Problem to work on: Would you please transcribe the entire listing exactly?

+++++

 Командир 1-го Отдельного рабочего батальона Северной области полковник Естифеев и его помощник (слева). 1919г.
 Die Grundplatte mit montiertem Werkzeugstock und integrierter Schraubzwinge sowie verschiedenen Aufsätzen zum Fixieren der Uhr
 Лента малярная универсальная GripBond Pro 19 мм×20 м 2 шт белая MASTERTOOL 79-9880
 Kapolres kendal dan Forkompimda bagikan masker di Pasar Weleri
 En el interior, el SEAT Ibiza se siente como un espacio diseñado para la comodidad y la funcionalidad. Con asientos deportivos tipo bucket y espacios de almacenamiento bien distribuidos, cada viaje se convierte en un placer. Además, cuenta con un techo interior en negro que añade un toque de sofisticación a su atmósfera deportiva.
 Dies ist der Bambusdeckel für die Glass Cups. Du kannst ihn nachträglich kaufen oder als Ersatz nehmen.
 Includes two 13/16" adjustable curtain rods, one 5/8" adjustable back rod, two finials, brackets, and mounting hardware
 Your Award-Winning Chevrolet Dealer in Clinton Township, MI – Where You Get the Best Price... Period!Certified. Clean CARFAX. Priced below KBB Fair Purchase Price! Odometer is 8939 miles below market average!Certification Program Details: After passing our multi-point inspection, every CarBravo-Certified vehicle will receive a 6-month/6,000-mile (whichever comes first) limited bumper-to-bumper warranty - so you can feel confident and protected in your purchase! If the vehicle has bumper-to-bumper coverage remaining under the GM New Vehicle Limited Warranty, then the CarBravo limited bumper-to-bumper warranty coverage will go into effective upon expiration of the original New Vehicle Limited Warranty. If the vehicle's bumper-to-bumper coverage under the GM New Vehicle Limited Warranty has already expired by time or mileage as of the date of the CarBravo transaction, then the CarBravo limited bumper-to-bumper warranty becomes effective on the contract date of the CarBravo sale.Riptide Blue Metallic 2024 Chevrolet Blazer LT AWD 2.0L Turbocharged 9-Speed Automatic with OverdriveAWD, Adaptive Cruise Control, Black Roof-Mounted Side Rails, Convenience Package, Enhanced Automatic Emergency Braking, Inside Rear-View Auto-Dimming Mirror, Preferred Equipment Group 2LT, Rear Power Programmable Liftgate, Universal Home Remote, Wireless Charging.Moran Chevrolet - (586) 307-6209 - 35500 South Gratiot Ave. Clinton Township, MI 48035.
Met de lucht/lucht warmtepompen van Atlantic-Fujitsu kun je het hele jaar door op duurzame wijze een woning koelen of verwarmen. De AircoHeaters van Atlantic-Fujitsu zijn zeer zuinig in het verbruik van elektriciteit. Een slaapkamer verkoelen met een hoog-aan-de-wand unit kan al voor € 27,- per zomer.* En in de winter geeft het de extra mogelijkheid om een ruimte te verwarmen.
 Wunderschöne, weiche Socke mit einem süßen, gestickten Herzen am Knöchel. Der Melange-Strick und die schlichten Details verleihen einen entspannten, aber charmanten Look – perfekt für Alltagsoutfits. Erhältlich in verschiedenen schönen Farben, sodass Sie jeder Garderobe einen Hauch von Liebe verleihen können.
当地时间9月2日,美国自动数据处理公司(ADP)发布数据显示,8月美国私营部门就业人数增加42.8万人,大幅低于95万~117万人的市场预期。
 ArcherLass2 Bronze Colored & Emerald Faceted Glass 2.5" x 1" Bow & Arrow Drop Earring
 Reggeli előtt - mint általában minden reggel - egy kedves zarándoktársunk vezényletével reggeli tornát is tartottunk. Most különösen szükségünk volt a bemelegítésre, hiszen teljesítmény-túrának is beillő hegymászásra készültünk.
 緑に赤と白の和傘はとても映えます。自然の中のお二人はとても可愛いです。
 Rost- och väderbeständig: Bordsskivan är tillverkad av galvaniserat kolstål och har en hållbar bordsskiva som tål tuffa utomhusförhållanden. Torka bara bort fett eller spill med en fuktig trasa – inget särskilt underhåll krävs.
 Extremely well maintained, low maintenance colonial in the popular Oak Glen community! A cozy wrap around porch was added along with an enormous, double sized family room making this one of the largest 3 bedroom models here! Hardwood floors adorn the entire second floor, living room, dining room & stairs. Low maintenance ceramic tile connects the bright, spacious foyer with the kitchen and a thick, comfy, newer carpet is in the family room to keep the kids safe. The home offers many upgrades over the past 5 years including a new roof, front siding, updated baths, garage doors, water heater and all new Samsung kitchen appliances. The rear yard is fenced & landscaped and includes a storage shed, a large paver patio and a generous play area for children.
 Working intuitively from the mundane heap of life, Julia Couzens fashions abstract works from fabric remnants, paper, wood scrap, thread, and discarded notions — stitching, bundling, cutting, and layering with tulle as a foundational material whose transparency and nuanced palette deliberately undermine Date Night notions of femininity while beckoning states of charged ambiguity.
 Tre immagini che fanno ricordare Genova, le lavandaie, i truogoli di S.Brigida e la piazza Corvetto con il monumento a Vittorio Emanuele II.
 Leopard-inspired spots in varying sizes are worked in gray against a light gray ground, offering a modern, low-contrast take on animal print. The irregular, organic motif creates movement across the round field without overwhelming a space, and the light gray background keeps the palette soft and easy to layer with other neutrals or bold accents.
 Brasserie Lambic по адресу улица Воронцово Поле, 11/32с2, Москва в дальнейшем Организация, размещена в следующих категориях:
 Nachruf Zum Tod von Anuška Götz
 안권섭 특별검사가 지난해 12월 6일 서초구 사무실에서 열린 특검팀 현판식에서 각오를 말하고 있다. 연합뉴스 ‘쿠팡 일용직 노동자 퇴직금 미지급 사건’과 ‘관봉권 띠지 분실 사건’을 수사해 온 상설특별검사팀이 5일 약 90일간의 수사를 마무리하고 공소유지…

+++++

Solution to this task:
 Командир 1-го Отдельного рабочего батальона Северной области полковник Естифеев и его помощник (слева). 1919г.
 Die Grundplatte mit montiertem Werkzeugstock und integrierter Schraubzwinge sowie verschiedenen Aufsätzen zum Fixieren der Uhr
 Лента малярная универсальная GripBond Pro 19 мм×20 м 2 шт белая MASTERTOOL 79-9880
 Kapolres kendal dan Forkompimda bagikan masker di Pasar Weleri
 En el interior, el SEAT Ibiza se siente como un espacio diseñado para la comodidad y la funcionalidad. Con asientos deportivos tipo bucket y espacios de almacenamiento bien distribuidos, cada viaje se convierte en un placer. Además, cuenta con un techo interior en negro que añade un toque de sofisticación a su atmósfera deportiva.
 Dies ist der Bambusdeckel für die Glass Cups. Du kannst ihn nachträglich kaufen oder als Ersatz nehmen.
 Includes two 13/16" adjustable curtain rods, one 5/8" adjustable back rod, two finials, brackets, and mounting hardware
 Your Award-Winning Chevrolet Dealer in Clinton Township, MI – Where You Get the Best Price... Period!Certified. Clean CARFAX. Priced below KBB Fair Purchase Price! Odometer is 8939 miles below market average!Certification Program Details: After passing our multi-point inspection, every CarBravo-Certified vehicle will receive a 6-month/6,000-mile (whichever comes first) limited bumper-to-bumper warranty - so you can feel confident and protected in your purchase! If the vehicle has bumper-to-bumper coverage remaining under the GM New Vehicle Limited Warranty, then the CarBravo limited bumper-to-bumper warranty coverage will go into effective upon expiration of the original New Vehicle Limited Warranty. If the vehicle's bumper-to-bumper coverage under the GM New Vehicle Limited Warranty has already expired by time or mileage as of the date of the CarBravo transaction, then the CarBravo limited bumper-to-bumper warranty becomes effective on the contract date of the CarBravo sale.Riptide Blue Metallic 2024 Chevrolet Blazer LT AWD 2.0L Turbocharged 9-Speed Automatic with OverdriveAWD, Adaptive Cruise Control, Black Roof-Mounted Side Rails, Convenience Package, Enhanced Automatic Emergency Braking, Inside Rear-View Auto-Dimming Mirror, Preferred Equipment Group 2LT, Rear Power Programmable Liftgate, Universal Home Remote, Wireless Charging.Moran Chevrolet - (586) 307-6209 - 35500 South Gratiot Ave. Clinton Township, MI 48035.
Met de lucht/lucht warmtepompen van Atlantic-Fujitsu kun je het hele jaar door op duurzame wijze een woning koelen of verwarmen. De AircoHeaters van Atlantic-Fujitsu zijn zeer zuinig in het verbruik van elektriciteit. Een slaapkamer verkoelen met een hoog-aan-de-wand unit kan al voor € 27,- per zomer.* En in de winter geeft het de extra mogelijkheid om een ruimte te verwarmen.
 Wunderschöne, weiche Socke mit einem süßen, gestickten Herzen am Knöchel. Der Melange-Strick und die schlichten Details verleihen einen entspannten, aber charmanten Look – perfekt für Alltagsoutfits. Erhältlich in verschiedenen schönen Farben, sodass Sie jeder Garderobe einen Hauch von Liebe verleihen können.
当地时间9月2日,美国自动数据处理公司(ADP)发布数据显示,8月美国私营部门就业人数增加42.8万人,大幅低于95万~117万人的市场预期。
 ArcherLass2 Bronze Colored & Emerald Faceted Glass 2.5" x 1" Bow & Arrow Drop Earring
 Reggeli előtt - mint általában minden reggel - egy kedves zarándoktársunk vezényletével reggeli tornát is tartottunk. Most különösen szükségünk volt a bemelegítésre, hiszen teljesítmény-túrának is beillő hegymászásra készültünk.
 緑に赤と白の和傘はとても映えます。自然の中のお二人はとても可愛いです。
 Rost- och väderbeständig: Bordsskivan är tillverkad av galvaniserat kolstål och har en hållbar bordsskiva som tål tuffa utomhusförhållanden. Torka bara bort fett eller spill med en fuktig trasa – inget särskilt underhåll krävs.
 Extremely well maintained, low maintenance colonial in the popular Oak Glen community! A cozy wrap around porch was added along with an enormous, double sized family room making this one of the largest 3 bedroom models here! Hardwood floors adorn the entire second floor, living room, dining room & stairs. Low maintenance ceramic tile connects the bright, spacious foyer with the kitchen and a thick, comfy, newer carpet is in the family room to keep the kids safe. The home offers many upgrades over the past 5 years including a new roof, front siding, updated baths, garage doors, water heater and all new Samsung kitchen appliances. The rear yard is fenced & landscaped and includes a storage shed, a large paver patio and a generous play area for children.
 Working intuitively from the mundane heap of life, Julia Couzens fashions abstract works from fabric remnants, paper, wood scrap, thread, and discarded notions — stitching, bundling, cutting, and layering with tulle as a foundational material whose transparency and nuanced palette deliberately undermine Date Night notions of femininity while beckoning states of charged ambiguity.
 Tre immagini che fanno ricordare Genova, le lavandaie, i truogoli di S.Brigida e la piazza Corvetto con il monumento a Vittorio Emanuele II.
 Leopard-inspired spots in varying sizes are worked in gray against a light gray ground, offering a modern, low-contrast take on animal print. The irregular, organic motif creates movement across the round field without overwhelming a space, and the light gray background keeps the palette soft and easy to layer with other neutrals or bold accents.
 Brasserie Lambic по адресу улица Воронцово Поле, 11/32с2, Москва в дальнейшем Организация, размещена в следующих категориях:
 Nachruf Zum Tod von Anuška Götz
 안권섭 특별검사가 지난해 12월 6일 서초구 사무실에서 열린 특검팀 현판식에서 각오를 말하고 있다. 연합뉴스 ‘쿠팡 일용직 노동자 퇴직금 미지급 사건’과 ‘관봉권 띠지 분실 사건’을 수사해 온 상설특별검사팀이 5일 약 90일간의 수사를 마무리하고 공소유지…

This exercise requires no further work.